- The Washington Times - Thursday, September 20, 2012

House Democrats defeated the broadest immigration reform effort yet in this Congress, voting down a bill on Thursday that would have ended the random visa lottery and replaced it with a system rewarding high-tech foreign graduates from U.S. universities.

The vote showed neither side is ready to break the stalemate that has foiled every major immigration bill for the past decade.

This latest effort would have tried to rewrite the country’s immigration priorities, shifting away from random chance and toward picking skilled workers that Republicans said could boost the U.S. economy.

“Unfortunately, Democrats today voted to send the best and brightest foreign graduates back home to work for our global competitors,” said House Judiciary Committee Chairman Lamar Smith, Texas Republican, who wrote the bill. “Democrats voted against a bill that helps American businesses hire the most qualified foreign graduates.”

Most Democratic opponents said they didn’t oppose visas for high-tech graduates, but objected to canceling the random chance visa lottery. Democrats said the lottery is a key way that the U.S. gets immigrants from countries that don’t have long-standing business or family ties to the United States.

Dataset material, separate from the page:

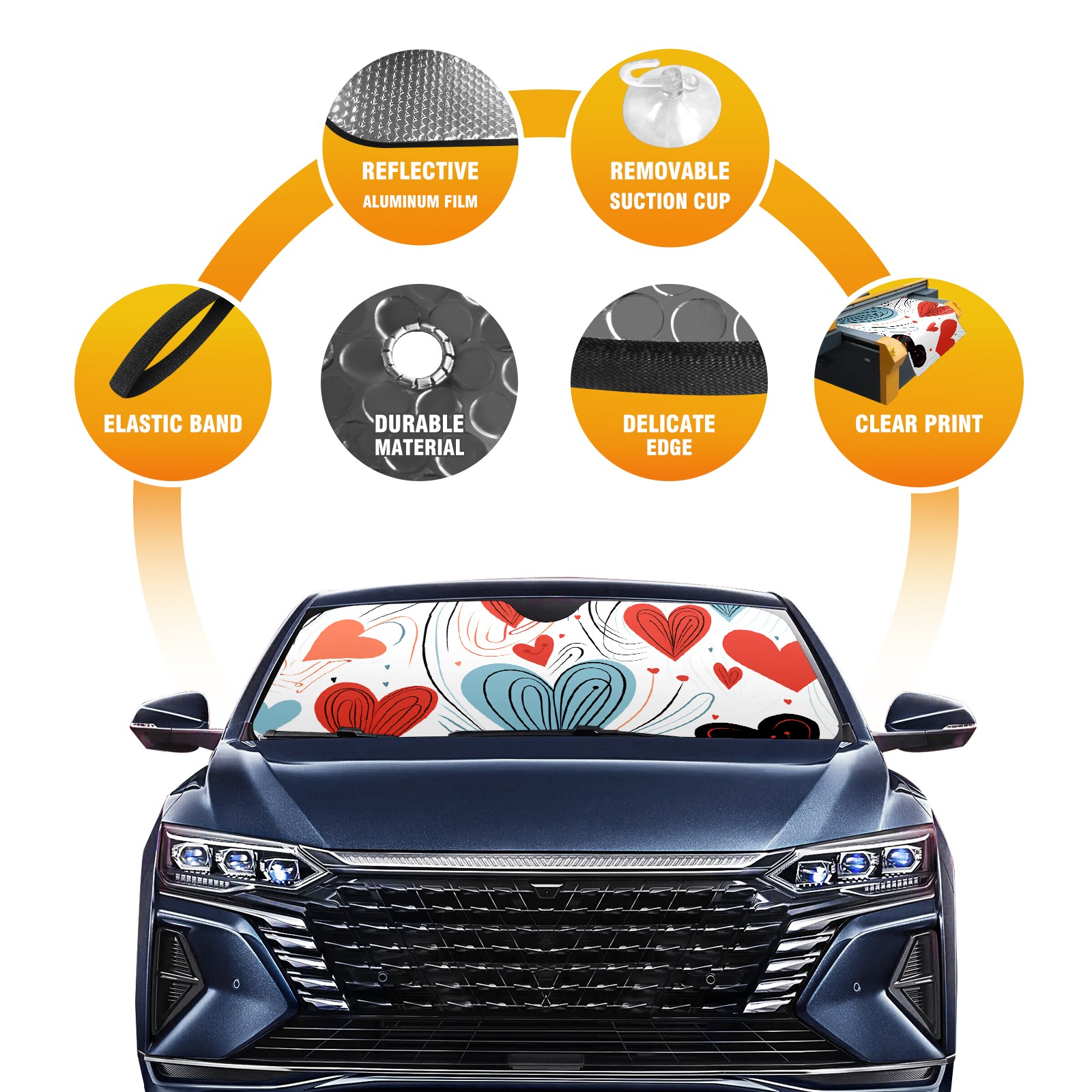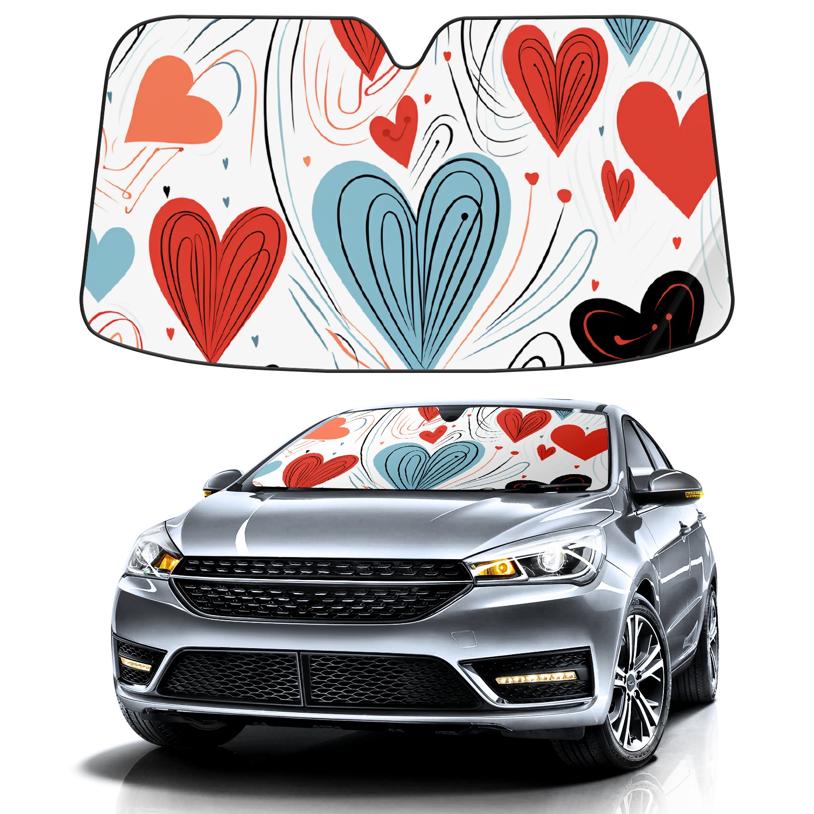 Car Windshield Sun Shade For Front Window Love Foldable Vehicle Windshield Car Sun Visor Covers Automotive Window Protector Car Camping Privacy Sun Blocker

Black, Hispanic and Asian Democrats all urged their colleagues to block the move.

“We strongly oppose a zero-sum game that trades one legal immigration program for another,” said Rep. John Conyers Jr., the ranking Democrat on the House Judiciary Committee.

Rep. Zoe Lofgren, California Democrat, had an alternative that would have kept the visa lottery and added a new high-tech visa category. That plan would have boosted overall legal immigration by about 50,000 visas per year.

But Republicans did not allow a chance to vote on her version, arguing that voters tell pollsters they want to see immigration either kept the same or reduced, but not increased.

Mr. Smith’s bill earned a majority in the House, 257-158, but fell 20 votes shy of the two-thirds vote needed under expedited House rules. Only 30 Democrats voted for it — well short of the number GOP leaders had expected to join them.

Five Republicans joined most Democrats in opposition.

The bill would have canceled the diversity visa lottery, which was created in 1990 and which awards green cards to as many as 55,000 people each year through random chance. The goal was to broaden immigration and give a chance to those who don’t have family ties, key business skills or asylum claims, which are the backbone of the system.

Those visas would have been recaptured and used for the high-tech workers Mr. Smith said the U.S. should be targeting.

He said the diversity system is rife with fraud, and others pointed to figures showing those who come here through the lottery have higher unemployment, on average and are a bigger burden on taxpayers than other immigrants.
Analysts said that’s because they come without any of the family or employment support structure that most other immigrants have when the immigrate.